McBrien v. Starkweather

43 Ga. App. 818 | Ga. Ct. App. | 1931

Stephens, J.

1. Although, as provided in section 5064 of the Civil Code of 1910, attachments returnable to the justices’ courts should be directed “to all and singular the constables of this State,” yet where an attachment is misdirected, a levy thereunder is nevertheless lawful if made by an officer to whom the attachment was directed and who was lawfully empowered to make the levy. Warren v. Purtell, 63 Ga. 428; Buchanan v. Sterling, 63 Ga. 227; Cheney v. Beall, 69 Ga. 533. Where an attachment which is returnable to the justice’s court is directed “to all and singular sheriffs and constables of said county” a levy of the attachment by a constable of that county is a lawful levy.

2. Where an attachment directed to all and singular the sheriffs and constables of a particular county only was levied by one who was an acting constable, and it did not appear from the levy whether it was made by an acting constable of that county, yet where the defendant in attachment moved to dismiss the attachment upon the ground that the person who made the levy as the levying officer was the coroner of the county in which the attachment was returnable and to whose sheriffs and constable it was directed, the defendant in attachment thereby admitted, and was estopped from denying, that the levying officer was a resident of that county (Civil Code of 1910, § 6599; Political Code of 1910, §§ 112, 258) ; and since a constable must be a resident of the district and county from which he is appointed, it appears from the record that the acting constable who made the levy (whose qualifications as such are the same as those of a constable) was a resident of, and an acting constable in and for, a district in that county, and was therefore an officer to whom the attachment was directed.

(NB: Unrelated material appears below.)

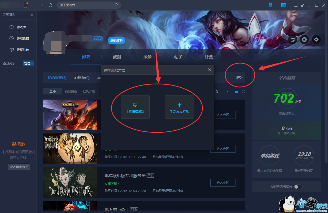 3、接着找到DNF并将其添加到游戏列表中,或者也可以通过扫描电脑的方式添加,如下图所示:
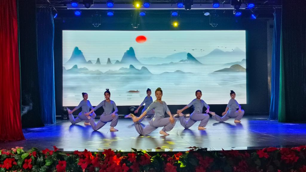 伴随着悠扬的古琴声,学生们身着传统服饰,以八段锦表演《锦韵流芳》拉开了比赛序幕。八段锦的柔和连贯,每一式每一划都蕴含着中医文化,表演者的动作整齐划一,完美展现了八段锦的精髓,将古老的养生智慧在现代舞台上精彩绽放。

3. A levying officer describing himself as an “acting” constable is presumably a constable specially appointed as provided in sections 4682, 4683, 4687, and 4690 of the Civil Code of 1910.

4. A constable is not a county officer; and therefore a coroner, as a county officer, is not, by virtue of section 259 of the Political Code of 1910, which prohibits any person from holding two county offices at the same time, prohibited from holding the office of constable.

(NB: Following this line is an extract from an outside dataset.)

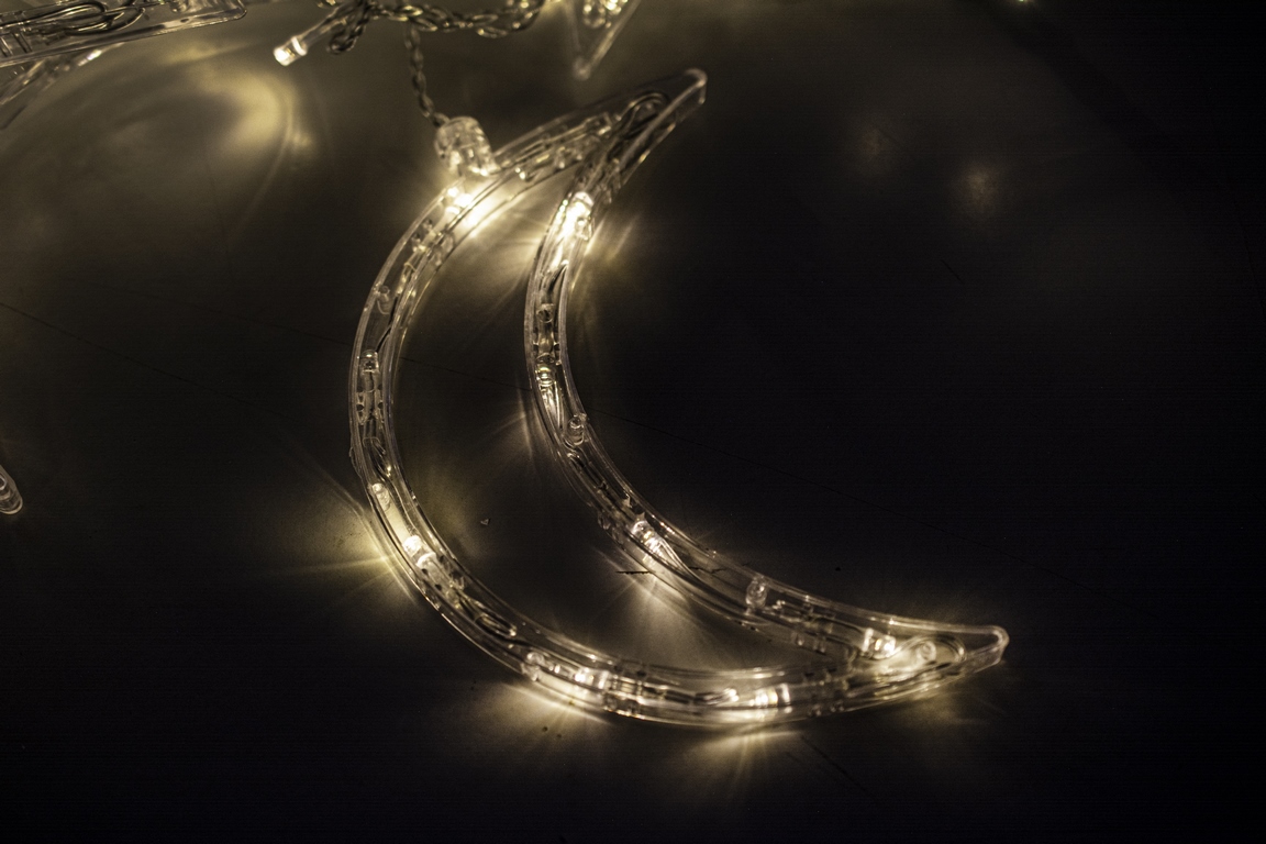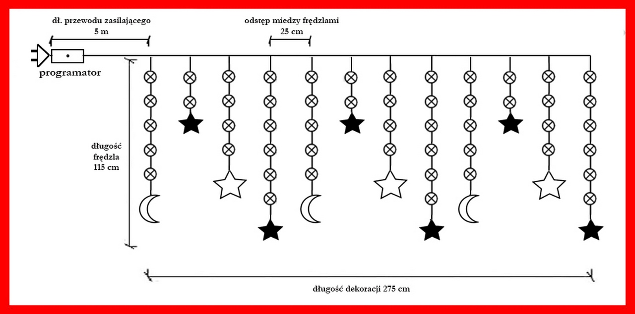 Dekoracyjna kurtyna zewnętrzna FIGURKI LED GWIAZDY i KSIĘŻYCE z programatorem (8 funkcji sterowania), na przezroczystym przewodzie. Kurtyna składa się z 12 frędzli z punktami LED oraz FIGUREK - DUŻA GWIAZDA, MAŁA GWIAZDA oraz KSIĘŻYC umieszczonymi na końcu każdego frędzla.

*819Decided September 16, 1931. F. M. Gleason, for plaintiff. McClure & McClure, T. g'Head, for defendant.

5. Whether a coroner of a county is prohibited by law from becoming a constable of the county, yet where the coroner holds the office of constable after being regularly appointed, he acts under color of authority and his act as such are valid as acts of an officer de facto, if not de jure.

6: The court erred in sustaining the motion of the defendant in attachment to dismiss it upon the ground that it was misdirected by being directed to “all and singular sheriffs and constables of said county,” and upon the ground that the levying officer, who was a constable, was not lawfully such by reason of the fact that he was at the same time coroner of the county.

Judgment reversed.

Jenkins, P. J., cmd Bell, J., conmr.